Depuis trois mois, cette comptable de 36 ans et son mari technicien stockent l’eau dans des bidons et des seaux pour avoir des réserves lorsque les robinets s’arrêtent de couler, de 22h00 à 16h00 le lendemain.

Le couple et ses deux filles n’habitent pas dans une zone isolée de Bulgarie mais à une trentaine de kilomètres de Sofia, la capitale. Leur cité, Pernik, est au cœur d’une crise de l’eau qui exaspère la population du pays le plus pauvre de l’Union européenne.

Situé au pied du Mont Vitocha, le massif qui surplombe Sofia, le barrage de Stoudena est pratiquement vide. Rationnés depuis le mois de novembre, les 97.000 habitants de Pernik et plusieurs localités alentours n’ont accès que six heures par jour à une eau trouble et non potable.
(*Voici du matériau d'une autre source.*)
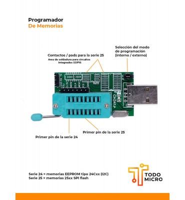 • Compatible con memorias EEPROM serie 24 y memorias SPI serie 25
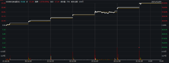事实上,过去半个多月,京城股份股价持续上涨,一度从6元左右的价格上扬至17元以上。京城股份此轮上涨在11月19日启动,截至12月9日,在短短15天累计上涨168.32%。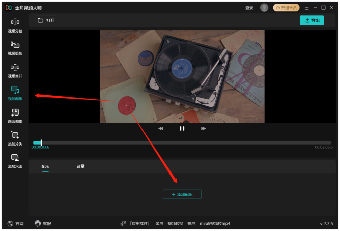 支持添加背景音乐,可设置音乐循环,调整音量大小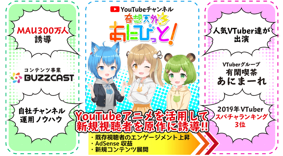 株式会社BUZZCAST(代表取締役CEO:山田 雄介、以下 BUZZCAST)は、自社で運営しているチャンネルでMAU300万を達成したノウハウを基に774inc.が運営するVTuberユニット「有閑喫茶あにまーれ」のキャラクターが出演するYouTubeアニメ動画チャンネル「奇想天外あにびっと!」を開設し配信開始したことをお知らせいたします。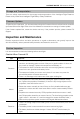 MATRICE 300 RTK Maintenance Manual Screws Landing Gear Base 1. All the screws on the aircraft body are tightened, especially the screws connecting the motor and the carbon tube. 1. Screws are secure. 2. There is no damage or cracks. Frame Arms 1. The 28 screws on the four frame arms are secure. 2. The arm junctions are not damaged or cracked. 3. Grab the carbon tube and shake the arm slightly to check if there is no obvious shake. Frame Arm LEDs 1.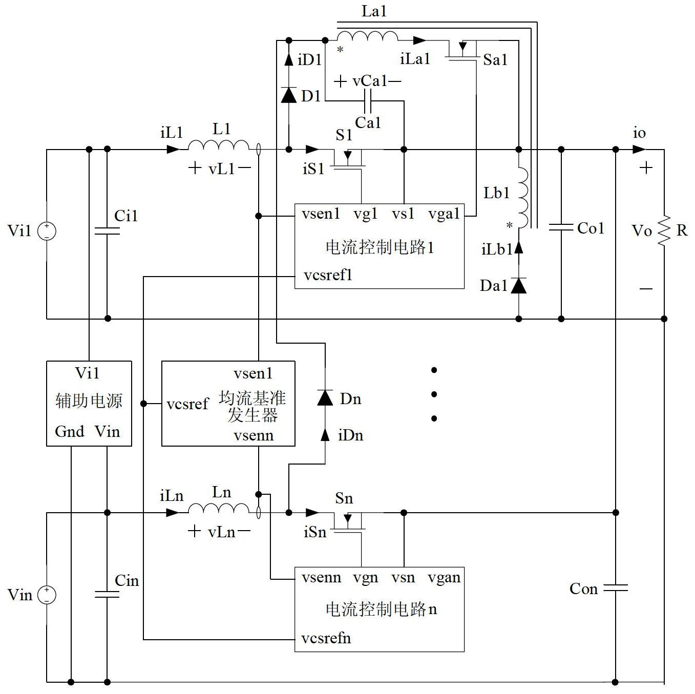 所述功率主回路由完整通道电路1和简化通道电路k(k=2,…,n)组成,所述完整通道电路1包括输入电容Ci1、电感L1、N-MOS主管S1、N-MOS辅助管Sa1、辅助电容Ca1、耦合电感La1和Lb1、二极管D1、辅助二极管Da1、输出电容Co1,直流电源Vi1的正端与输入电容Ci1的一端以及电感L1的一端相连,电感L1的另一端与二极管D1的阳极以及N-MOS主管S1的漏极相连,二极管D1的阴极与耦合电感La1的一端以及辅助电容Ca1的一端相连,耦合电感La1的另一端与N-MOS辅助管Sa1的漏极相连,N-MOS主管S1的源极与辅助电容Ca1的另一端、N-MOS辅助管Sa1的源极、耦合电感Lb1的一端(与所述耦合电感La1的另一端是同名端关系)、输出电容Co1的一端、输出电压Vo的正端以及负载R的一端相连,耦合电感Lb1的另一端(与所述耦合电感La1的一端是同名端关系)与辅助二极管Da1的阴极相连,辅助二极管Da1的阳极与直流电源Vi1的负端、输入电容Ci1的另一端、输出电容Co1的另一端、输出电压Vo的负端以及负载R的另一端相连,耦合电感Lb1与辅助二极管Da1的接点和耦合电感La1与二极管D1的接点是同名端关系,所述简化通道电路k(k=2,…,n)包括输入电容Cik、电感Lk、N-MOS主管Sk、二极管Dk、输出电容Cok,所述直流电源Vik的正端与输入电容Cik的一端以及电感Lk的一端相连,电感Lk的另一端与二极管Dk的阳极以及N-MOS主管Sk的漏极相连,二极管Dk的阴极与所述完整通道电路1中的二极管D1的阴极相连,N-MOS主管Sk的源极与输出电容Cok的一端、输出电压Vo的正端以及负载R的一端相连,直流电源Vik的负端与输入电容Cik的另一端、输出电容Cok的另一端、输出电压Vo的负端以及负载R的另一端相连,所述控制回路由电流控制电路1至电流控制电路n和均流基准发生器组成,所述电流控制电路j(j=1,…,n)拥有端口vsenj、端口vgj、端口vsj、端口vgaj、端口vcsrefj,所述均流基准发生器拥有端口vsenj和端口vcsref,所述电流控制电路1的端口vsen1接收所述电感L1的电流iL1的检测信号,电流控制电路1的端口vg1与所述N-MOS主管S1的门极相连,电流控制电路1的端口vs1与N-MOS主管S1的源极以及所述N-MOS辅助管Sa1的源极相连,电流控制电路1的端口vga1与N-MOS辅助管Sa1的门极相连,电流控制电路1的端口vcsref1与所述均流基准发生器的端口vcsref相连,所述均流基准发生器的端口vsen1接收所述电感L1的电流iL1的检测信号,所述简化通道电路k(k=2,…,n)与所述电流控制电路k相连,所述电流控制电路k的端口vsenk接收所述电感Lk的电流iLk的检测信号,所述电流控制电路k的端口vgk与所述N-MOS主管Sk的门极相连,所述电流控制电路k的端口vsk与所述N-MOS主管Sk的源极相连,所述电流控制电路k的端口vgak悬空,所述电流控制电路k的端口vcsrefk与所述均流基准发生器的端口vcsref相连,所述均流基准发生器的端口vsenk接收所述电感Lk的电流iLk的检测信号,所述辅助电源能为所述控制回路提供所需的工作电压,拥有端口Vij(j=1,…,n)和端口Gnd,所述辅助电源的端口Vij与所述直流电源Vij的正端相连,所述辅助电源的端口Gnd与所述直流电源Vij的负端相连。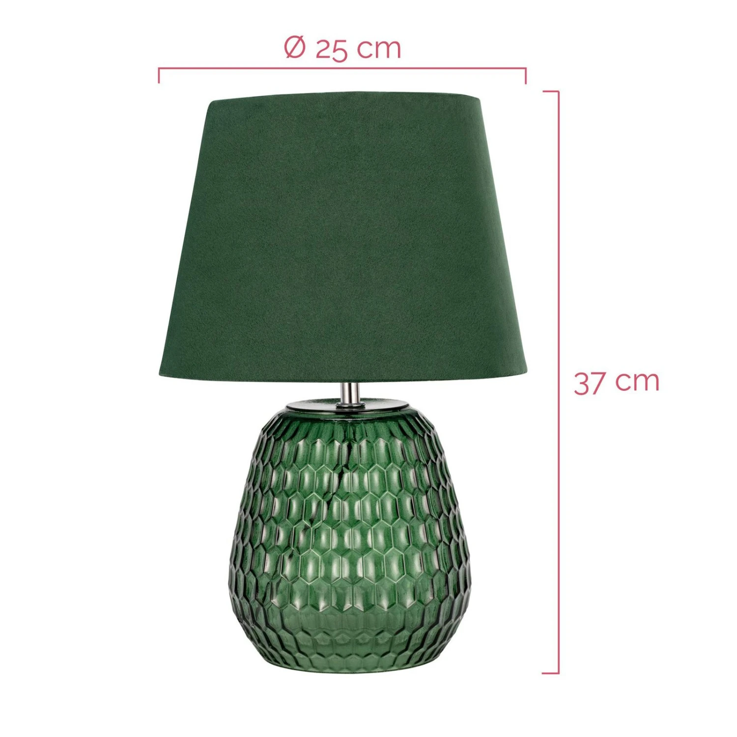 Tischleuchte Crystal Velours mit grünem Standfuß in Kristalloptik

-Des bouteilles d’eau minérale dans la cuisine d’Adelina Ivanova à Pernik, à environ 30 kilomètres de la capitale Sofia alors que plus de 97000 personnes dans la ville ont été soumises à un sévère rationnement de l’eau. Photo de NIKOLAY DOYCHINOV / AFP via Getty Images.

« Mauvaise gestion préméditée »

La pénurie de Pernik a provoqué une mini crise politique: début janvier, le ministre de l’Environnement Neno Dimov a été inculpé pour « mauvaise gestion préméditée » et contraint à la démission. Et le Premier ministre conservateur Boyko Borissov a fait face à  d’âpres débats parlementaires en surmontant mercredi une motion de censure.

Le parquet reproche au ministre démissionnaire d’avoir ignoré les alertes sur le niveau d’eau dans le barrage, d’une capacité de 20 millions de m3, et d’avoir renouvelé les autorisations permettant au groupe sidérurgique bulgare Stomana de s’y approvisionner.

Fief industriel déchu, Pernik a connu le sort des villes de l’ancien espace communiste qui ont vu leur tissu économique se déliter après 1989. L’usine Stomana reste le principal employeur de la commune.

« Victimes de négligence et corruption »

« Nous sommes victimes de négligence et corruption, pas du climat. Il y a trente ans une dizaine d’entreprises – aujourd’hui fermées – fonctionnaient, le niveau de l’eau était suivi au quotidien », et Pernik ne connaissait pas de pénurie, soupire Ivan Dragov, 67 ans, ancien ouvrier du réseau local de distribution d’eau.

L’ancienne maire de Pernik, battue aux élections d’octobre, est également mise en cause pour avoir refusé d’imposer le rationnement en pleine campagne municipale.

Samedi, plusieurs centaines d’habitants ont manifesté leur colère devant le siège du gouvernement à Sofia aux cris de « Démission! », « Assassins », « Mafia! ».

Dans la famille Stoyanov, tout le quotidien est bouleversé par le rationnement: « A notre retour du travail à 19h00, nous courons prendre une douche et tâchons de tout laver jusqu’à l’arrêt à 22h00 », explique Yana.

Elle encourage ses filles de 5 et 9 ans à apprendre l’anglais: « Elles n’ont pas d’avenir ici. Nous les préparons à quitter la Bulgarie dès qu’elles seront adultes », confie la comptable.

Doté d’un jerrican de 60 litres va à une source naturelle

Employé dans une station de service de Pernik, Slavi Gueorguiev, 28 ans, s’est pour sa part doté d’un jerrican à 60 litres qu’il remplit régulièrement à une source naturelle, à sept kilomètres de la ville.

Avec des précipitations de 25% inférieures à la moyenne en 2019, deuxième année la plus chaude dans le monde, la Bulgarie a également pâti de la situation climatique. L’hiver est plus sec que la normale.

La crise de Pernik a aussi mis en lumière l’usure des infrastructures de distribution en Bulgarie, qui laissent s’échapper environ 60% de l’eau avant qu’elle parvienne aux consommateurs. A Pernik, les pertes s’élèvent à 75% dans ces canalisations datant des années 1960-1970.

A cause de cette situation, 315.000 personnes dans ce pays de 7 millions d’habitants sont soumises à des restrictions d’eau régulières, surtout en été.

« Nous ne pouvons pas verser de l’argent dans un tonneau sans fonds », s’est agacé le nouveau ministre de l’Environnement, Emil Dimitrov.

Le gouvernement a promis que 900 millions d’euros seraient utilisés d’ici deux ans pour rénover les canalisations, un chantier évalué à 6 milliards d’euros au total.

Si rien n’est fait pour Pernik, il n’y aura plus d’eau en avril, ont averti les pouvoirs publics. Pour maintenir l’approvisionnement six heures par jour, le gouvernement prévoit de dérouter, via Sofia, de l’eau d’un autre barrage. Reste à installer à temps les 13 kilomètres de tuyaux de ce raccordement.